- Opening Delimiter -

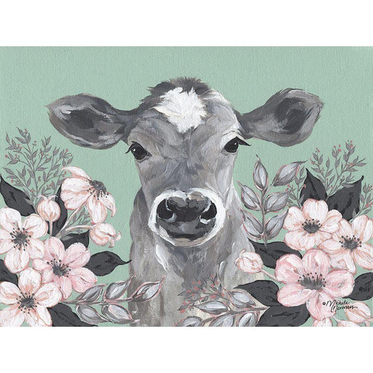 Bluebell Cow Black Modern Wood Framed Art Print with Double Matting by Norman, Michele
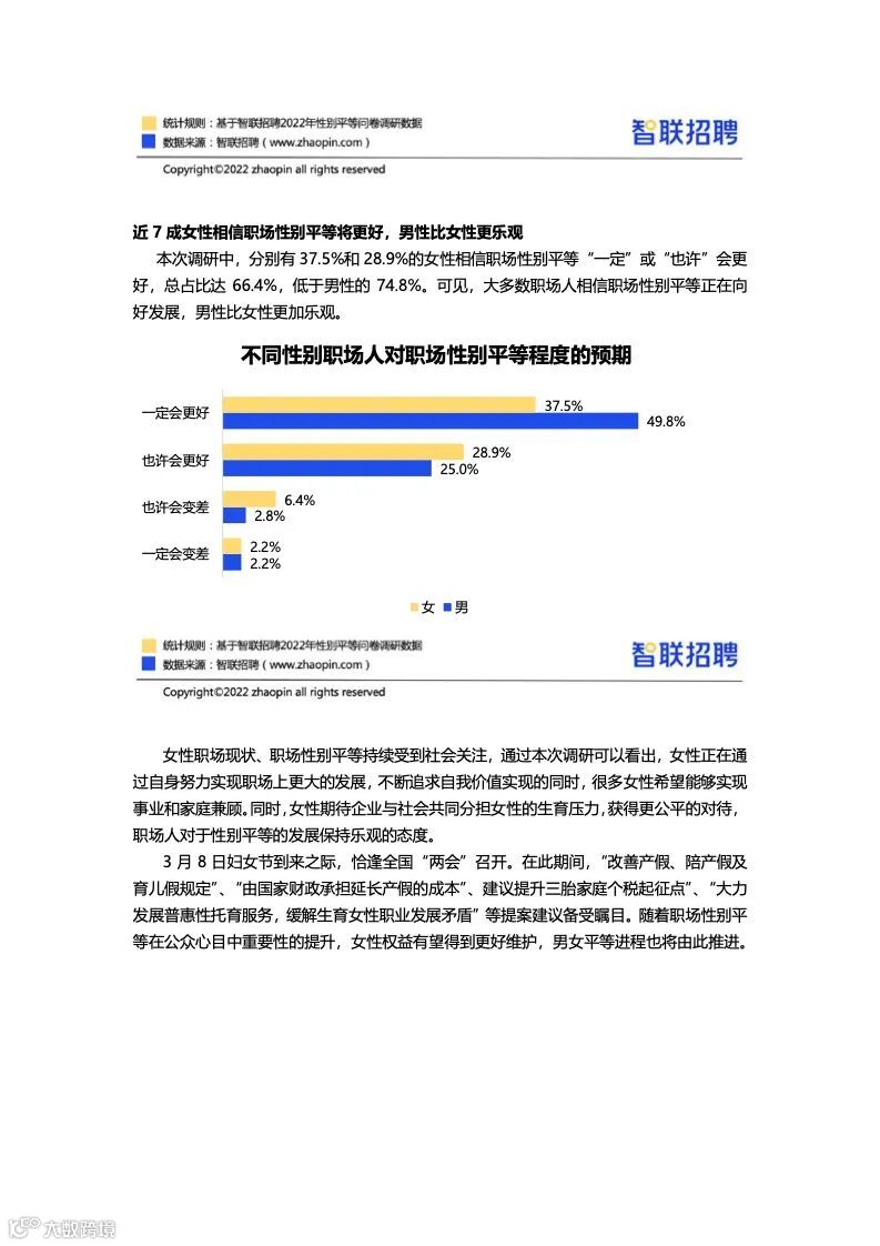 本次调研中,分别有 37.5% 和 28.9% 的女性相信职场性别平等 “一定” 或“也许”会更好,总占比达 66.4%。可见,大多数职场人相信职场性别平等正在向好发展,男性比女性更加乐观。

- Closing Delimiter -
- Opening Delimiter -

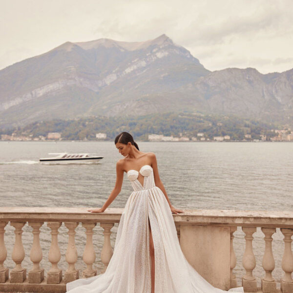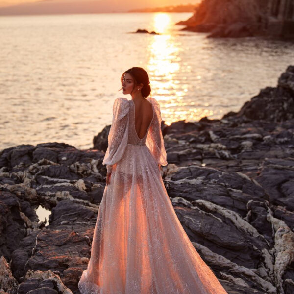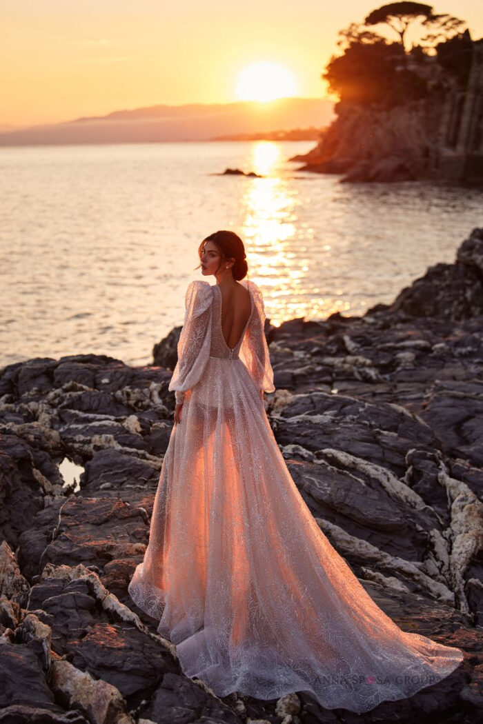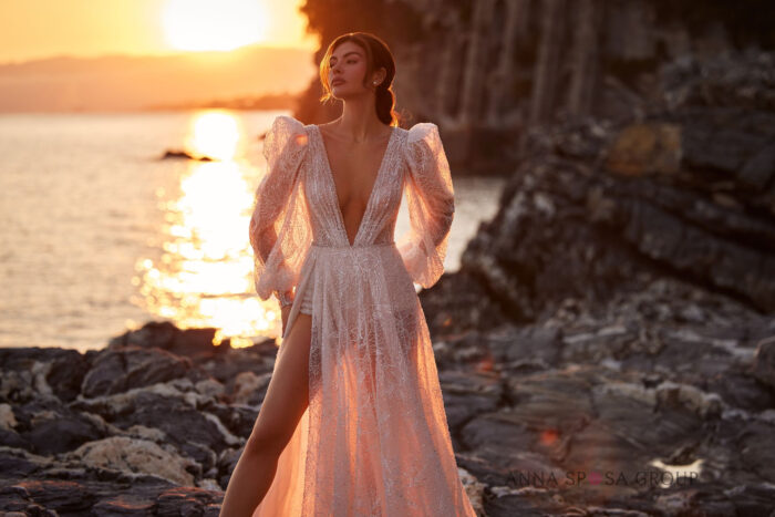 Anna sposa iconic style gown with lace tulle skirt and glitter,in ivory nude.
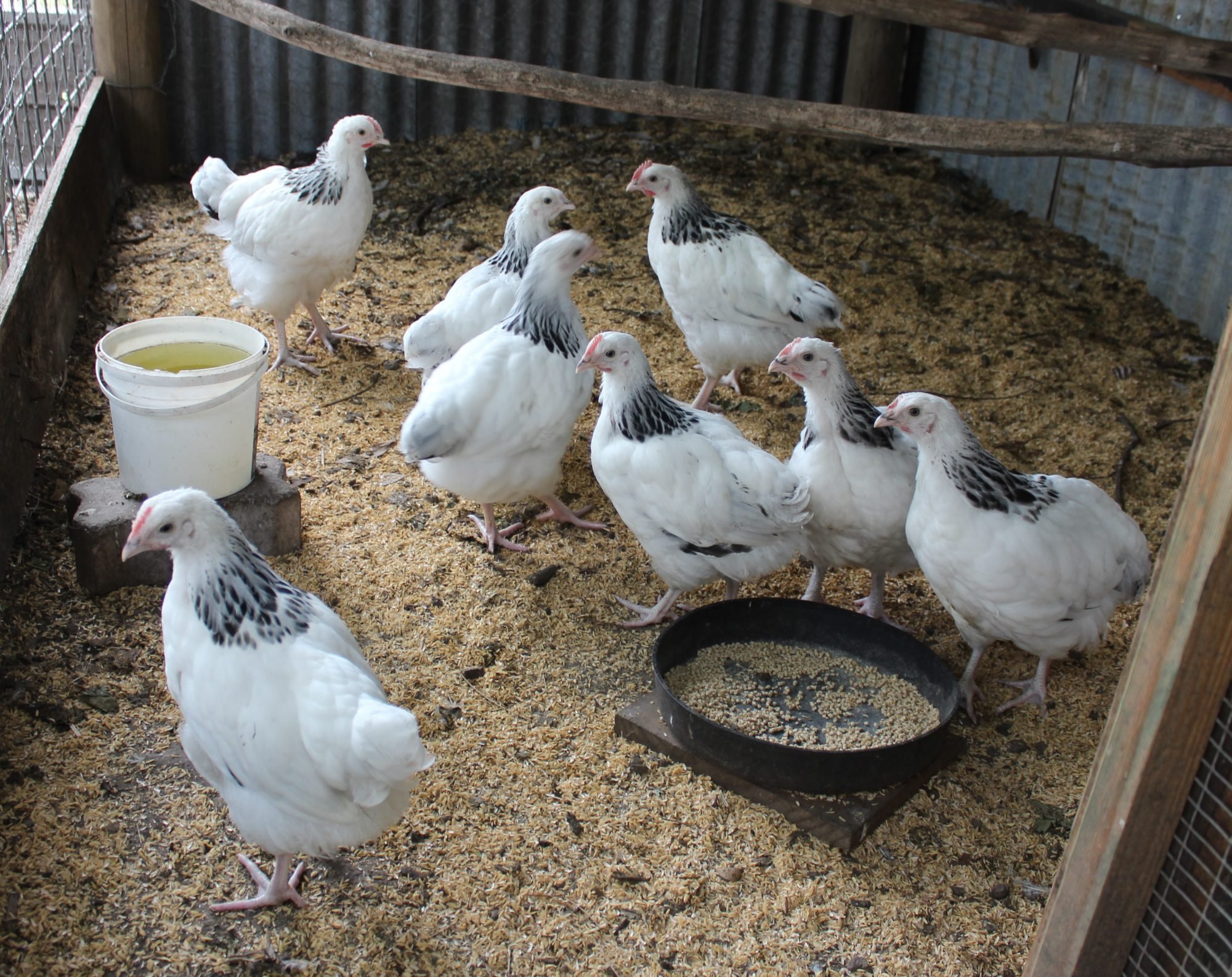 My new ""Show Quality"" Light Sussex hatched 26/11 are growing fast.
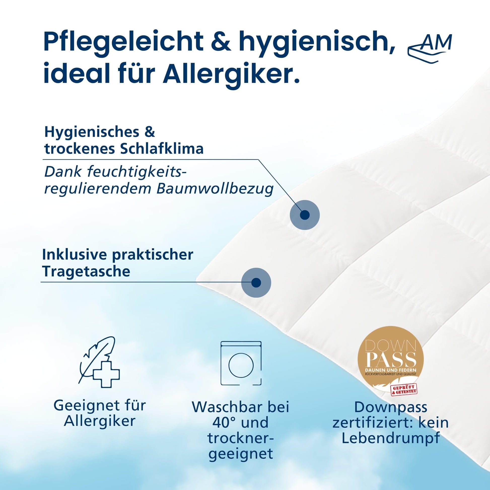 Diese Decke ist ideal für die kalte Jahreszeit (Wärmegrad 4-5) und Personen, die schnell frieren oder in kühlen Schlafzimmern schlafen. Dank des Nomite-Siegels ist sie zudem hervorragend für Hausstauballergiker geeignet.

- Closing Delimiter -
- Opening Delimiter -

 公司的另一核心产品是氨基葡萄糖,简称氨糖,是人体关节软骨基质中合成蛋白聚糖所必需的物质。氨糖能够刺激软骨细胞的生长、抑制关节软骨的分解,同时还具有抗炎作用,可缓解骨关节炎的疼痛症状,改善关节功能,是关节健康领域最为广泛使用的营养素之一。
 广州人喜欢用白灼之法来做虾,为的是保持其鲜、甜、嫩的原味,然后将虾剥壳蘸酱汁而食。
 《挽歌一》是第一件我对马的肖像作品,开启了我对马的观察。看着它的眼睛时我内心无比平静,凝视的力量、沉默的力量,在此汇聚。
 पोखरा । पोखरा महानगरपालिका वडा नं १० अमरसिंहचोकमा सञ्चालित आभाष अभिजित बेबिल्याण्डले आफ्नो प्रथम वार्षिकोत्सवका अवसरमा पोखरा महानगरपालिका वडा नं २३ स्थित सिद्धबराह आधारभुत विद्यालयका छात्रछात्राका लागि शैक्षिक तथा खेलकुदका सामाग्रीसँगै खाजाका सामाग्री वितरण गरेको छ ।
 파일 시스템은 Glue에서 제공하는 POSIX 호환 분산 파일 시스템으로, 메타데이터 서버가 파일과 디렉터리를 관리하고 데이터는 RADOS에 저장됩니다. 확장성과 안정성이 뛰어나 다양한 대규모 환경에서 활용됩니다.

- Closing Delimiter -

__Try it__
Set down word for word the lines above from the one with "Bluebell Cow Black" up to and including the one with "本次调研中,分别有 37.5% 和". Omit every picture.

__Solution below__
 Bluebell Cow Black Modern Wood Framed Art Print with Double Matting by Norman, Michele
 本次调研中,分别有 37.5% 和 28.9% 的女性相信职场性别平等 “一定” 或“也许”会更好,总占比达 66.4%。可见,大多数职场人相信职场性别平等正在向好发展,男性比女性更加乐观。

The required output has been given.